**Work instructions:**
Only text belongs in your copy of the listing below; reproduce it exactly and leave out the pictures.

**Dataset section:**
*** Begin section ***

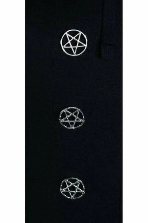 The black cotton hoodie has silver metal pentagram buttons, high neckline, long sleeves, a regular fit and it fastens with a zipper at the front.
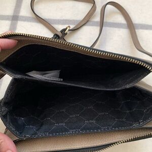 ALDO small light brown/tan faux leather and suede crossbody purse. Strap has a buckle to adjust the length. Gold toned hardware.
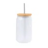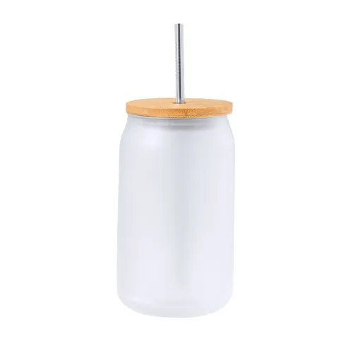 Pot de sublimation avec corps en verre mat résistant, avec une capacité de 400ml. Couvercle en bambou à pression avec trou pour paille (paille incluse et fabriquée en acier inox). Spécialement conçue pour le marquage par sublimation. Présentée en boîte individuelle kraft. 400 ml

*** End section ***

**Response to this exercise:**
 The black cotton hoodie has silver metal pentagram buttons, high neckline, long sleeves, a regular fit and it fastens with a zipper at the front.
 ALDO small light brown/tan faux leather and suede crossbody purse. Strap has a buckle to adjust the length. Gold toned hardware.
 Pot de sublimation avec corps en verre mat résistant, avec une capacité de 400ml. Couvercle en bambou à pression avec trou pour paille (paille incluse et fabriquée en acier inox). Spécialement conçue pour le marquage par sublimation. Présentée en boîte individuelle kraft. 400 ml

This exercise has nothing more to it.